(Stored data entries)

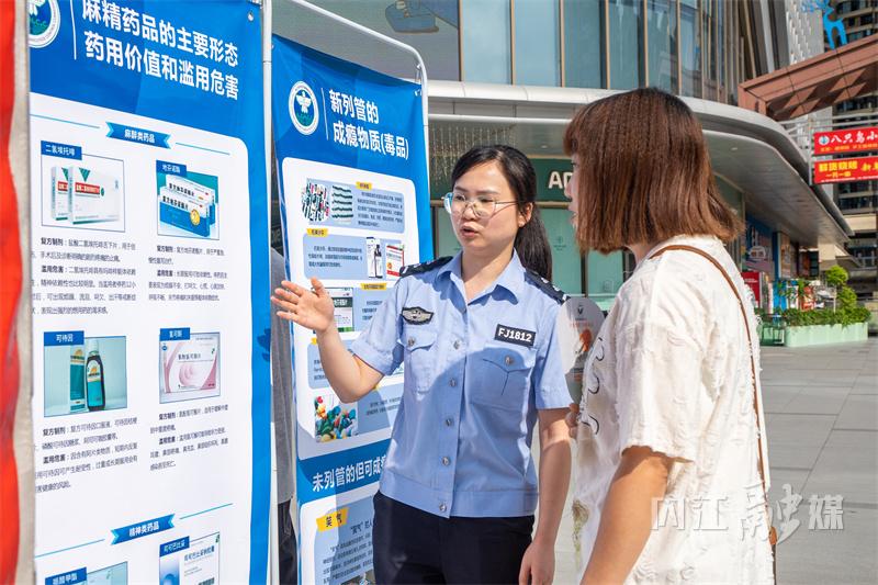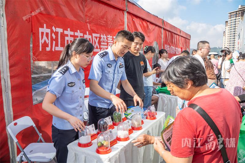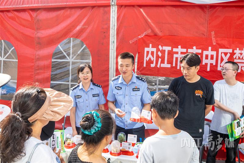 6月26日,第38个国际禁毒日,骄阳似火炙烤着甜城大地。但比烈日更炽热的,是内江市中区吾悦广场上 “禁毒护航,青春向阳” 宣传活动的热烈氛围。民警、志愿者与市民们热情高涨,丝毫未被高温阻挡。
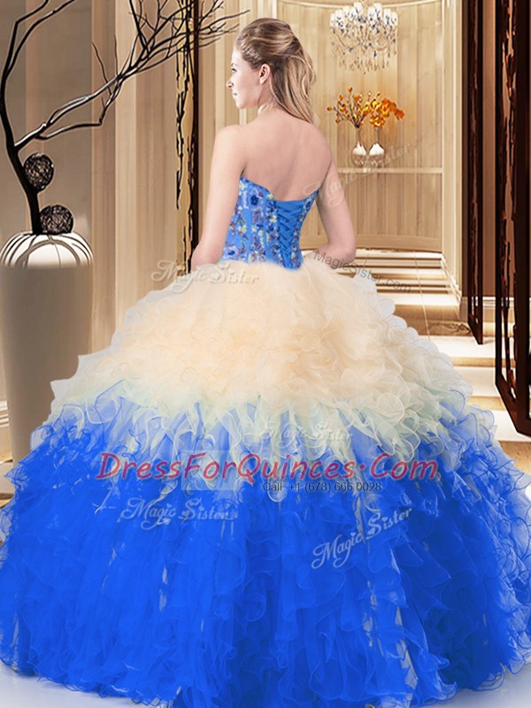 Popular Multi-color Quinceanera Gown Military Ball and Sweet 16 and For with Embroidery and Ruffles Sweetheart Sleeveless Lace Up
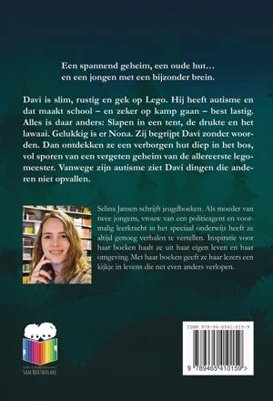 Davi is slim, rustig en gek op Lego. Hij heeft autisme en dat maakt school – en zeker op kamp gaan – best lastig. Alles is daar anders: Slapen in een tent, de drukte en het lawaai. Gelukkig is er Nona. Zij begrijpt Davi zonder woorden. Dan ontdekken ze een verborgen hut diep in het bos, vol sporen van een vergeten geheim van de allereerste legomeester. Vanwege zijn autisme ziet Davi dingen die anderen niet opvallen.
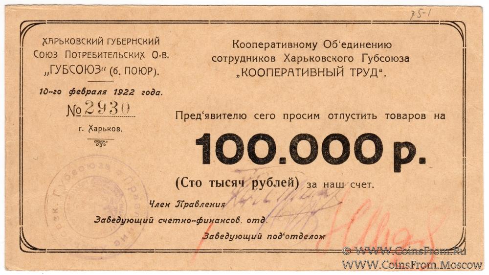 100.000 рублей 1922 г. (Харьков)
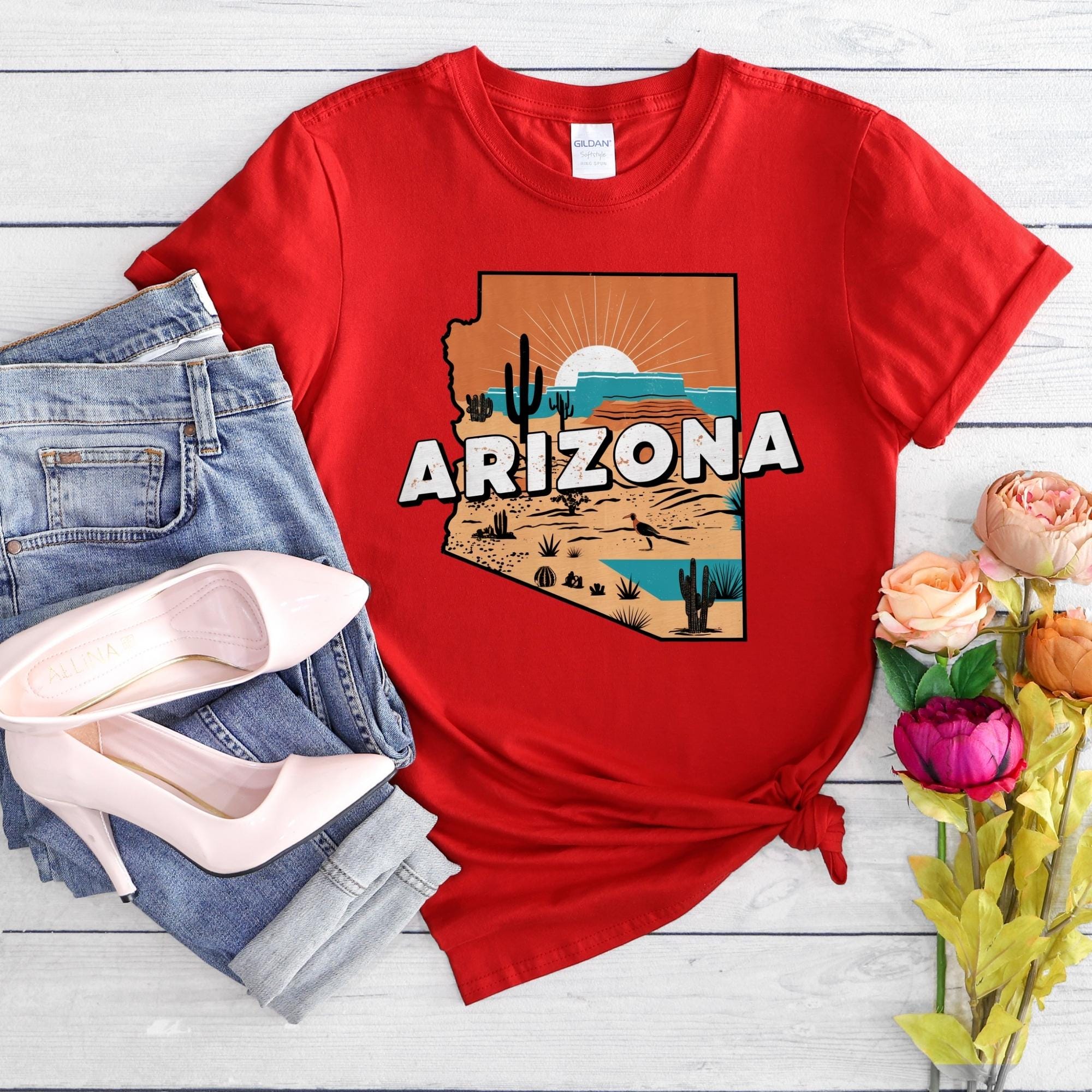 Arizona State Shirt, Retro Arizona Map T-Shirt, Vintage Desert Illustration, Arizona Pride Gift
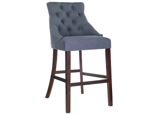 A refined blend of gentle curves and elegant details, this Eleni Wingback Bar Stool transforms any meal into a fine dining experience. Crafted with tufted navy linen and a polished chrome nail head detail, it brings sophisticated style to any dining area.
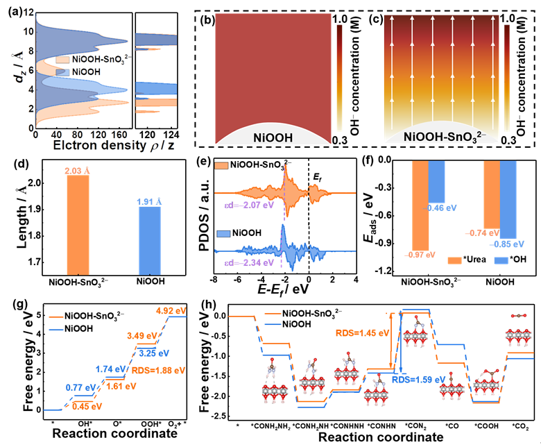 针对这一难题,研究团队以金属间化合物Ni3Sn2为前驱体,构建了Brønsted碱SnO32−插层的NiOOH催化体系(NiOOH-SnO32−),并通过原位表面重构实现了活性相的精准调控。研究发现,SnO32−插层能够改变NiOOH表面的电荷分布,使其带负电,从而通过静电排斥有效抑制OH−的强吸附。同时,SnO32−插层可拉伸Ni−O键并上移Ni的d带中心,从而增强了尿素分子的吸附与活化能力。这种双重效应有效提升了尿素氧化反应速率,同时显著抑制了析氧副反应的发生。该研究提出了一种通过调控活性位点竞争吸附实现高选择性尿素氧化的新策略,为低能耗、高效率处理高浓度尿素废液提供了新思路。
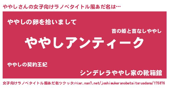 | 男性向けラノベタイトル風あだ名 | 『魔法科高校のややし』 |
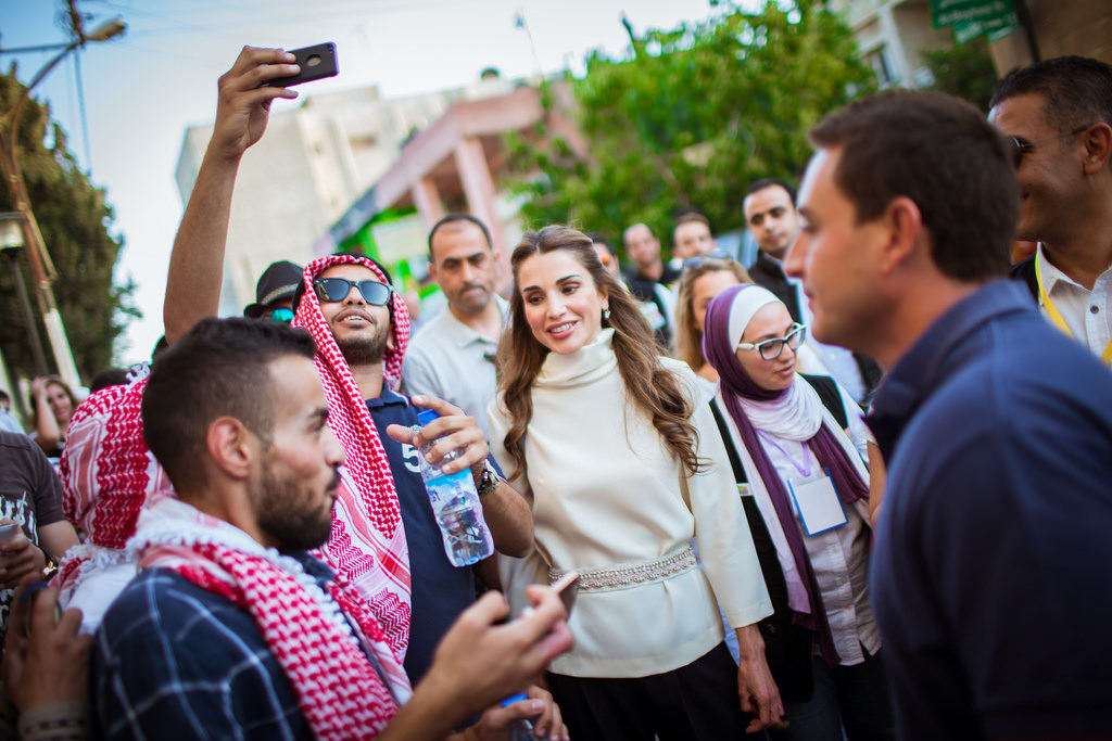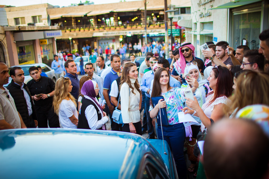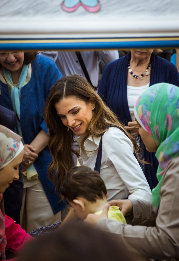 Her Majesty Queen Rania Al Abdullah with Her Royal Highness Princess Iman bint Abdullah during a walk around Rainbow St. with Out and About group
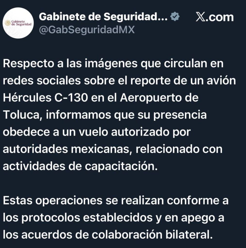 Con lo anterior, las autoridades de Seguridad de México, responden al conjunto de comentarios y especulaciones destacados desde este sábado por la tarde, ante la presencia de la aeronave de las fuerzas armadas de los Estados Unidos, en el aeropuerto de la ciudad de Toluca, Estado de México.
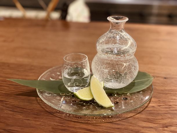 はたしょうの日本酒に氷とすだちをいれてお楽しみください。
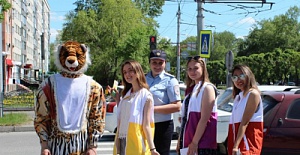 Герои мультфильмов и волонтеры Абакана обучают детей безопасности на переходах
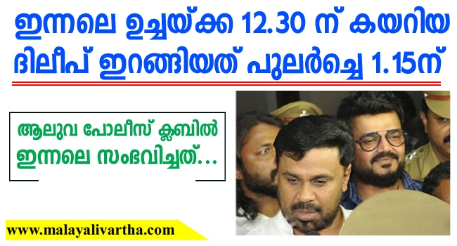 പുലര്ച്ചെ തേനിയിലെ ഷൂട്ടിംഗ് ലൊക്കേഷനില് നിന്ന് ദിലീപ് ആലുവയിലെ വീട്ടിലേക്ക്. 12 മണിക്ക് മുന്പ് ആലുവാ പോലീസ് ക്ലബിലേക്ക് എത്താനായിരുന്നു നിര്ദ്ദേശം. 12.10ന് KL 07 CH 5445 നമ്പറുള്ള പോളോ കാറില് പൊലീസ് ക്ലബിലേക്ക്. കാത്ത് നിന്ന മാധ്യമപ്രവര്ത്തരോട് മാധ്യമവിചാരണയ്ക്കില്ലെന്ന് കുറഞ്ഞ വാക്കില് പ്രതികരണം.

Instructions to follow. The records above must be repeated in full and exactly, but without any of the pictures.

The completed task.
 6月26日,第38个国际禁毒日,骄阳似火炙烤着甜城大地。但比烈日更炽热的,是内江市中区吾悦广场上 “禁毒护航,青春向阳” 宣传活动的热烈氛围。民警、志愿者与市民们热情高涨,丝毫未被高温阻挡。
 Popular Multi-color Quinceanera Gown Military Ball and Sweet 16 and For with Embroidery and Ruffles Sweetheart Sleeveless Lace Up
 Davi is slim, rustig en gek op Lego. Hij heeft autisme en dat maakt school – en zeker op kamp gaan – best lastig. Alles is daar anders: Slapen in een tent, de drukte en het lawaai. Gelukkig is er Nona. Zij begrijpt Davi zonder woorden. Dan ontdekken ze een verborgen hut diep in het bos, vol sporen van een vergeten geheim van de allereerste legomeester. Vanwege zijn autisme ziet Davi dingen die anderen niet opvallen.
 100.000 рублей 1922 г. (Харьков)
 Arizona State Shirt, Retro Arizona Map T-Shirt, Vintage Desert Illustration, Arizona Pride Gift
 A refined blend of gentle curves and elegant details, this Eleni Wingback Bar Stool transforms any meal into a fine dining experience. Crafted with tufted navy linen and a polished chrome nail head detail, it brings sophisticated style to any dining area.
 针对这一难题,研究团队以金属间化合物Ni3Sn2为前驱体,构建了Brønsted碱SnO32−插层的NiOOH催化体系(NiOOH-SnO32−),并通过原位表面重构实现了活性相的精准调控。研究发现,SnO32−插层能够改变NiOOH表面的电荷分布,使其带负电,从而通过静电排斥有效抑制OH−的强吸附。同时,SnO32−插层可拉伸Ni−O键并上移Ni的d带中心,从而增强了尿素分子的吸附与活化能力。这种双重效应有效提升了尿素氧化反应速率,同时显著抑制了析氧副反应的发生。该研究提出了一种通过调控活性位点竞争吸附实现高选择性尿素氧化的新策略,为低能耗、高效率处理高浓度尿素废液提供了新思路。
 | 男性向けラノベタイトル風あだ名 | 『魔法科高校のややし』 |
 Her Majesty Queen Rania Al Abdullah with Her Royal Highness Princess Iman bint Abdullah during a walk around Rainbow St. with Out and About group
 Con lo anterior, las autoridades de Seguridad de México, responden al conjunto de comentarios y especulaciones destacados desde este sábado por la tarde, ante la presencia de la aeronave de las fuerzas armadas de los Estados Unidos, en el aeropuerto de la ciudad de Toluca, Estado de México.
 はたしょうの日本酒に氷とすだちをいれてお楽しみください。
 Герои мультфильмов и волонтеры Абакана обучают детей безопасности на переходах
 പുലര്ച്ചെ തേനിയിലെ ഷൂട്ടിംഗ് ലൊക്കേഷനില് നിന്ന് ദിലീപ് ആലുവയിലെ വീട്ടിലേക്ക്. 12 മണിക്ക് മുന്പ് ആലുവാ പോലീസ് ക്ലബിലേക്ക് എത്താനായിരുന്നു നിര്ദ്ദേശം. 12.10ന് KL 07 CH 5445 നമ്പറുള്ള പോളോ കാറില് പൊലീസ് ക്ലബിലേക്ക്. കാത്ത് നിന്ന മാധ്യമപ്രവര്ത്തരോട് മാധ്യമവിചാരണയ്ക്കില്ലെന്ന് കുറഞ്ഞ വാക്കില് പ്രതികരണം.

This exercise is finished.